By Milo Ryan, Deputy Film & Television Editor
The initial rumours of an adaptation for Neil Gaiman’s The Sandman were first whispered almost 30 years ago. With the arrival of this much-anticipated release, much was to be expected. Imbued with all the metaphorical imagery and fantastical nuances that Gaiman’s writing so often possesses, transposing this 10-volume heavy graphic novel collection into a visual serial format is an act of unparalleled difficulty. Faced with this challenge, Netflix, just as the sandman himself, proposes to create a work of dreams, which hopefully leaves all possibilities for nightmares firmly within the realm of the sleeping.
Tackling an adaptation in which temporality, setting and character change constantly, the show’s meditative pace and carefully considered worldbuilding ensure viewers are not lost in the rapid jumps between the cities, periods and storylines that are essential in the creation of this fantasy’s story.
While the show’s visual effects team suffers no losses in their portrayal of this show’s fantastic elements, it is the characters by which this production truly triumphs. Boasting a cast of immense talent and fame, there is much to be said on behalf of the casting directors Lucinda Syson and Natasha Vincent.
Emerging nightmarishly, composed completely of sinewy limbs and breathy timbre, Tom Sturridge portrays the cadaverously pale ‘Lord of Dreams’ with ease. With moody gesticulations and emphatic sighs, Sturridge ensures the hyperbolic melancholy of Gaiman’s original character is represented from the get-go.
This sense of sadness, however, whilst immediately all-encompassing, is but one dimension of this multifaceted, endless being. It is upon the entry of Dream’s efficient, if not somewhat modest sidekick, Lucienne (Vivienne Acheampong), that the warmer tones of Sturridge’s supposedly blanched characterisation appear to seep through.
David Thewlis, too, soars in his expressive performance of John Dee. Working alongside fantastical allegory, Thewlis’ performance peaks within the series’ fifth episode. Contemplating the dishonesty of humanity within a scene riddled with curiosity and horror, Thewlis acts as the vehicle through which this episode’s unnerving quality can be most effectually articulated.
Whilst Thewlis’ performance here is undoubtedly gripping, and the assembly of this episode is near perfection, it is the following episode that I believe deserves complete adulation.
Whilst ensuring not to spoil this scene with specificities, I will say that it is in the performance of Kirby Howell-Baptiste through which the entire adaptation’s fantastic qualities truly come to life.
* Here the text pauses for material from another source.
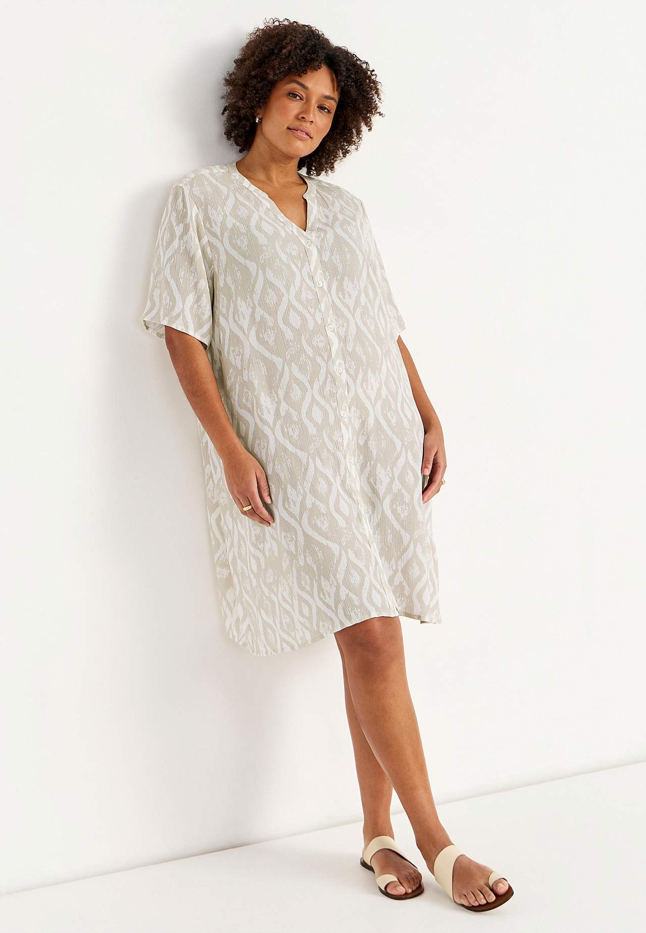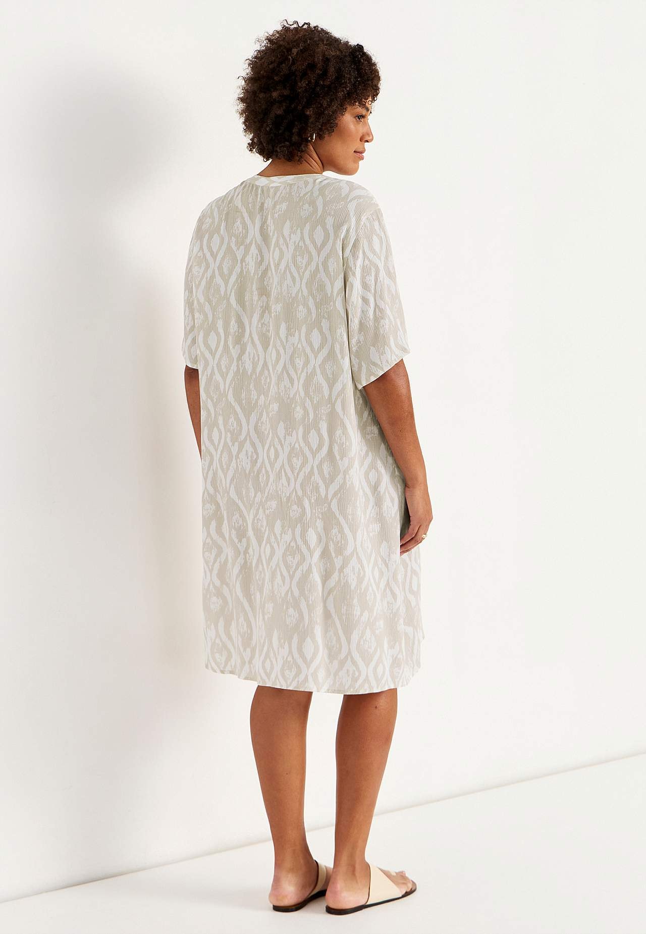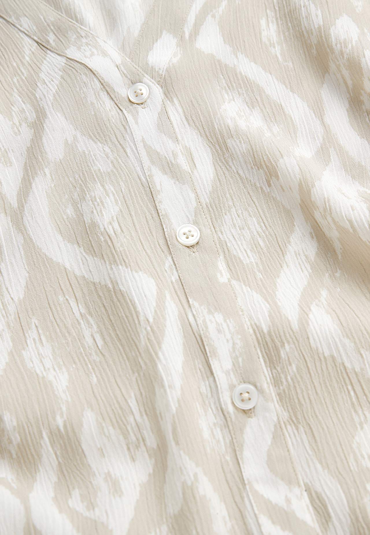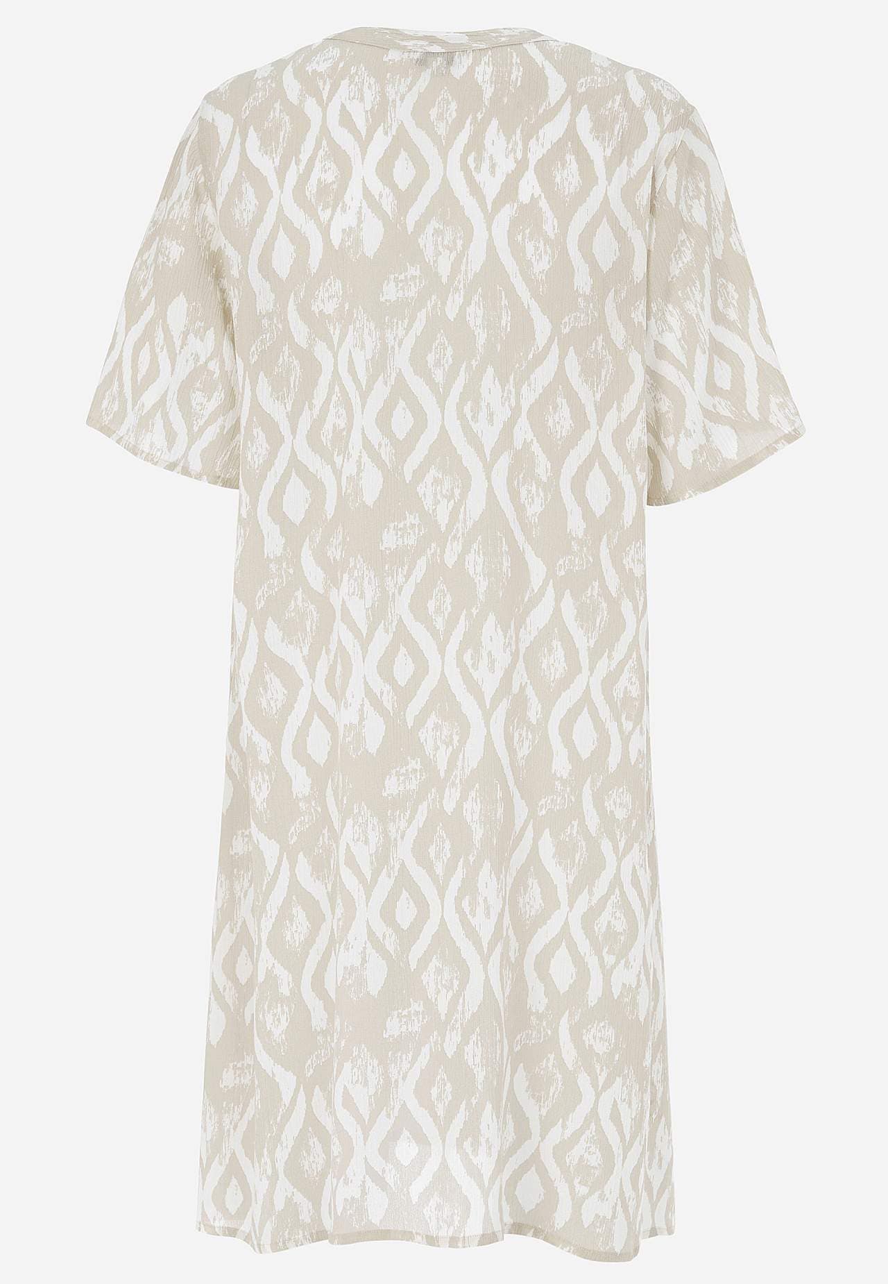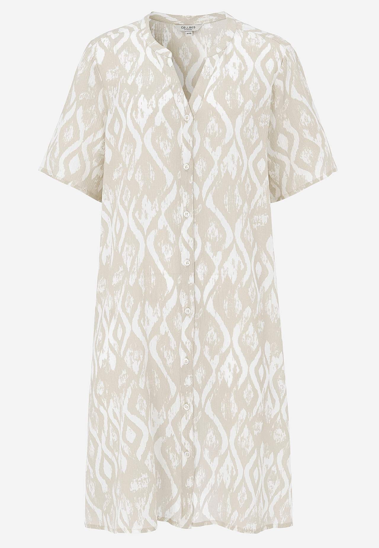 Vzdušný a chladicí materiál s matným povrchem a hezkou strukturou. Lehce volnější střih do A. Zapínání na knoflíky vpředu. Krátké rukávy. Délka zad se odvíjí od velikosti, cca 97-105 cm.

As is often the aim of the fantasy genre, this episode utilises the limitless potential of non-reality to allegorise the disquiet and discomfort of the everyday.
Professed through a soft tone, solemn smile and suitably minimal costuming, Kirby Howell-Baptiste manages to do just this. Complimenting the inconceivability of her character’s nature with her approachable mannerisms, she exudes benevolence and manages to manifest huge emotive sentiments. She regrettably features in only one episode; as quickly as she appears, she is gone.
In this brief flurry, however, her performance creates an atmosphere that, not unlike a good dream, permeates the mind of Dream and viewer alike. Although I understand the nature of this storyline requires her fleeting performance, my one qualm comes only as a testament to the quality of her acting: I wanted more Kirby Howell-Baptiste.
This August boasts a feast of television for fantasy fans, with imminent re-entry to J.R.R.Tolkien’s world in The Rings of Power (2022) and a return to George R.R. Martin’s Westeros in the upcoming series House of the Dragon (2022). As a result, The Sandman’s release is not without competition.
However, in a month so heavily saturated with big-budget fantasy releases, The Sandman impressively asserts itself amongst these generic titans whilst simultaneously setting the tone for fantasy releases still to come.
Although sometimes oversaturated with Americanised, predictable scripting and some questionable acting from Vanesu Samunyai, The Sandman is ultimately an inspiring and monumental fantasy series that serves as a triumphant addition to the varied menagerie of previous Neil Gaiman adaptations.